Thanks for getting a prototype implementation up so fast.  It looks
pretty good, but I think there are a few corner cases we need to think
about.  Apologies for the long, rambling email.  First of, I talked to
Robert Bragg in IRC a bit and he had a few concerns/ideas:

 - renaming gbm_surface_get_bo() to gbm_surface_lock_bo()?  I like it;
it's a little more specific and pairs better with
gbm_surface_release_bo().

1) Surface resize: We talked about adding a gbm_surface_resizee()
entrypoint that call after swapbuffer, but before any new rendering.
That will then make the surface destroy all buffers and allocate new
ones at the new size.  I don't think this really adds anything over
just destorying the surface and creating a new at the new size.  It's
not a performance critical operation (only happens when you change the
resolution) and the most expensive part is probably reallocating the
gbm bos, which we have to do anyway.

2) Freeing buffers when idle; we talked about a gbm_surface_idle()
function that would ask the gbm_surface to destroy back and auxiliary
buffers.  It's not useful if the system is just plain idle (if nothing
is happening, there's no reason to discard buffers), but if we end up
pageflipping to client provided buffers, we could free up some memory
by releasing the compositors buffers.  However, it's not clear that we
want to give up the compositors scanout buffers - it's a scarce
resource on some systems and what if we can't reallocate them?  And
again, I'm not sure gbm_surface_idle() really buys us anything over
just destroying the gbm_surface.

3) Interaction of gbm_surface_destroy() and locked buffers.  What
happens if you destroy a gbm_surface while you have one or more locked
bos (scanning out or waiting to be pageflipped).  I think we just need
to say that that's an error.  In other words, to destroy a surface,
first release all locked bo's and then destroy.  It's also an error to
gbm_bo_destroy() a locked bo and after gbm_dri_surface_release_bo()
the bo is undefined (could be destroyed etc).
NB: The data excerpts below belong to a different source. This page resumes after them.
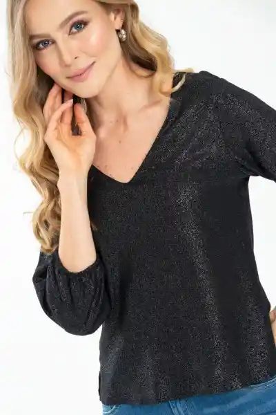 En Lino Con Lurex Fondo Entero Escote en V Manga 3/4 Con Elástico en Ruedo.
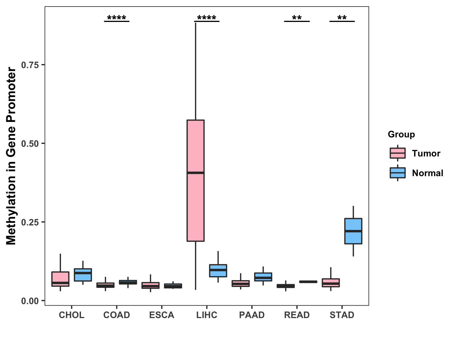 Boxplot of All Gastrointestinal Cancer ( * : 0.01-0.05 , ** : 0.005-0.01 , *** : 0.0001-0.005 , **** : < 0.0001 ) |
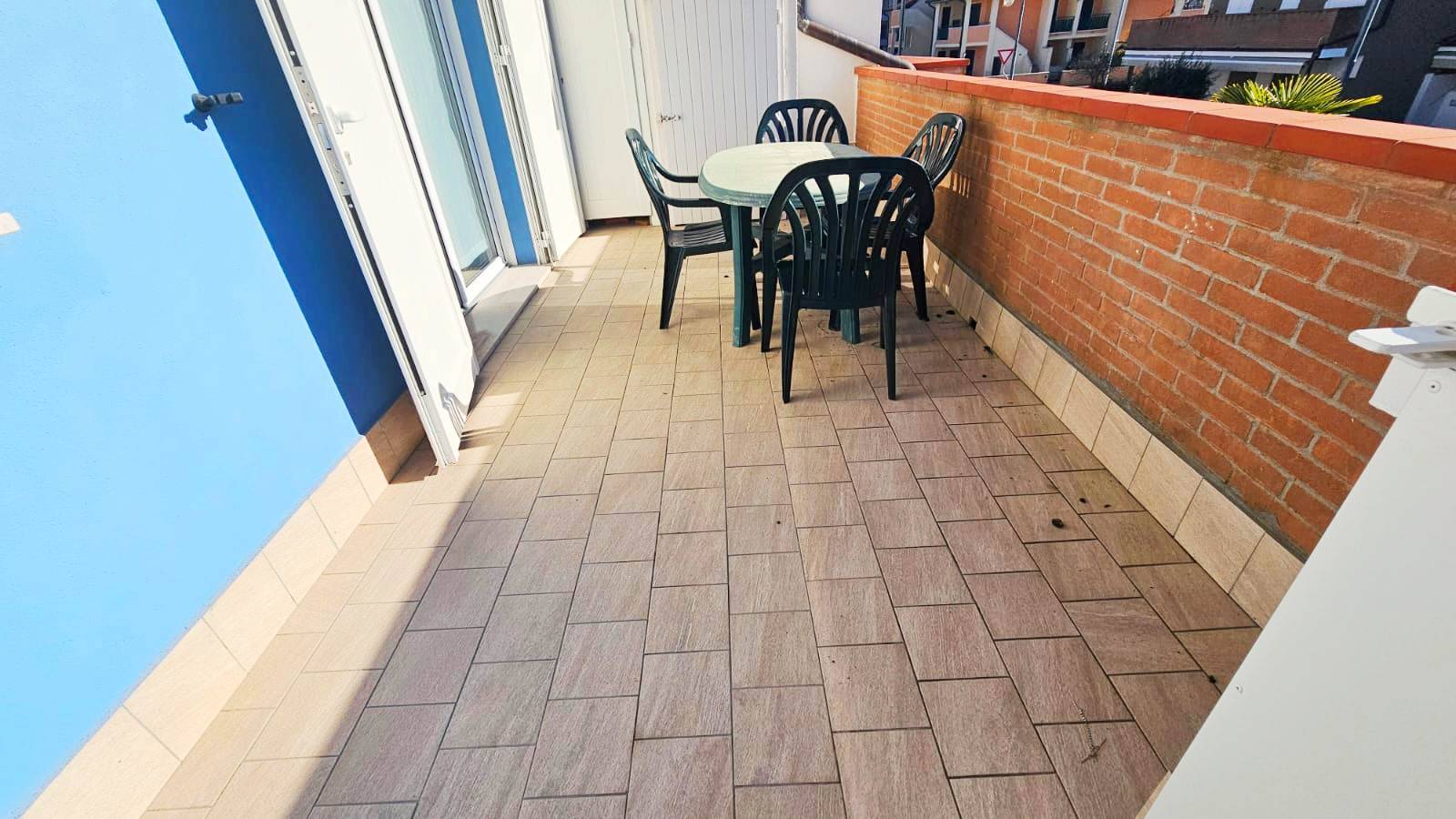 La villetta trilocale al primo piano, situata al Res. Hermitage ci accoglie con il piacevole giardinetto mentre lo spazioso terrazzo attrezzato col barbecue e la tenda elettrica per serate indimenticabili ! Allinterno spazi capienti sia nella generosa zona giorno con il divano letto e la cucina su misura sia nei due reparti notte , una con il letto matrimoniale e un altra con 2 letti a castello, quindi capiente per 8 persone! Nell antibagno un utile armadio, bagno con box doccia, un ulteriore grande terrazzo con tenda.

My concerns are mainly around sequence and ordering of eglSwapBuffer,
gbm_surface_lock_buffer and gbm_surface_release_buffer:

4) What happens if we do two or more swapbuffers without locking the
resulting bo?  Obviously we can't lock more buffers than we've
"generated" with eglSwapBuffer, so that has to be an error.  But we
could eglSwapBuffer a few times before we do
gbm_surface_lock_buffer().  Is that useful and should that be legal?
Or should we require that eglSwapBuffer must always be followed by a
gbm_surface_lock_buffer() before you can do another eglSwapBuffer?

5) We can't block rendering if there are no buffers to render to - we
just don't have a mechanism to do that.  If we try to render and all
the buffers are locked, we can either allocate a new buffer, overwrite
a locked buffer, just discard the rendering, but it's probably
actually just an error case, really.  So to avoid the client hitting
this error case, we need a gbm_surface_can_render() type of function.
If we knew how many buffers the surface was using, we could keep track
ourselves, but the point is to avoid that.  So before rendering, the
client can check gbm_surface_can_render() (it really needs a better
name) and if that's true, it knows it can render a new frame.  And I
think we should require that even after releasing a bo.  You could
argue that the client knows there's a buffer available just after
releasing one back to the surface, but I think we need a little
flexibility there to avoid assumption about the implementation and the
number of buffers.

6) Ordering of client buffers and gbm_surface buffers.  If we require
that eglSwapBuffer must be followed by gbm_surface_lock_buffer()
before you can render again (and I think we should), this isn't an
issue.  So this is probably mostly hypothetical, but here it goes: if
we allowed the sequence eglSwapBuffer, eglSwapBuffer,
gbm_surface_lock_bo(), then there would still be a bo queued up in the
surface that we would get on the next lock bo call.  As we mix the gbm
surface with pageflipping to client buffers, we need to make sure that
the sequence of buffers that we flip to is what we want it to be.  If
we pageflip to a client buffer with a stale buffer sitting in the
gbm_surface, we'll get an out-of-order frame as we eventually go back
to pageflipping to the gbm surface buffers.  This is basically the
reason I think we should allow this and mandate that you must lock the
buffer you just rendered befure starting a new one.  An alternative
solution would be to have a way to push client buffers into the
gbm_surface, so that they appear in the same stream of buffers, in the
expected order, but that seems much more complicated than just
requiring that buffer can't queue up in the surface.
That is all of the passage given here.